Aliens unto Aliens

Graphic from The History Channel

Since 2010, “Ancient Aliens” has proven to be a solid ratings winner for both The History Channel and the A&E Network. This is despite the show’s reliance on unique and often unproven theories; in fact, one of the show’s biggest criticisms is how the show presents these theories as if they were indeed factual in nature (the low-end production values didn’t help, as noted in this review published in the McGill Tribune.)

I admit I’ve watched a few episodes of “Ancient Aliens” with a sense of bemusement on random late nights. But as my interest in history grew in my later years, I realized there was a deeper undercurrent of something more disturbing within shows like “Ancient Aliens” – the whole concept that ancient peoples (especially those of indigenous or non-Caucasian societies) couldn’t have possibly built all the fantastical structures themselves.

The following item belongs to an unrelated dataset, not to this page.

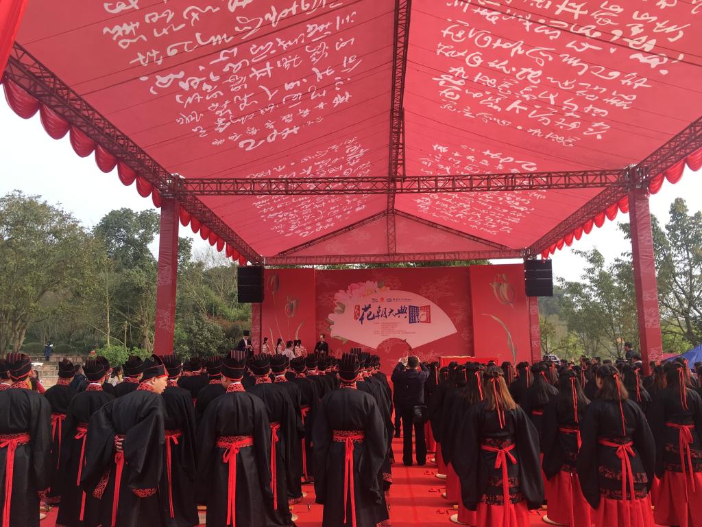 狮子滩下泥城坝,长寿湖畔又飞花。伴随着朗朗书声与悠悠花香,3月18日上午,在长寿湖郁金香阶梯花田和露天演艺场,100名中外青年学子身穿汉式彩衣行献花香礼、成人礼等中华传统礼仪,亲身体验了中华传统文化的庄重感和仪式感,再现古时花朝节盛况。

This concept is hardly a new one – despite their own encounters with savagery, disease, and superstitious beliefs, European societies developed a sense of superiority which led to a cultural imperialism – in the four centuries between 1500 and 1900, European powers had conquered 84 percent of the globe.

In reality, what was presented to them in lands outside their borders was merely different. The judgment of inferiority was strictly their own creation, and it led to laughable, dire, and sometimes fatal consequences for the eventual colonists.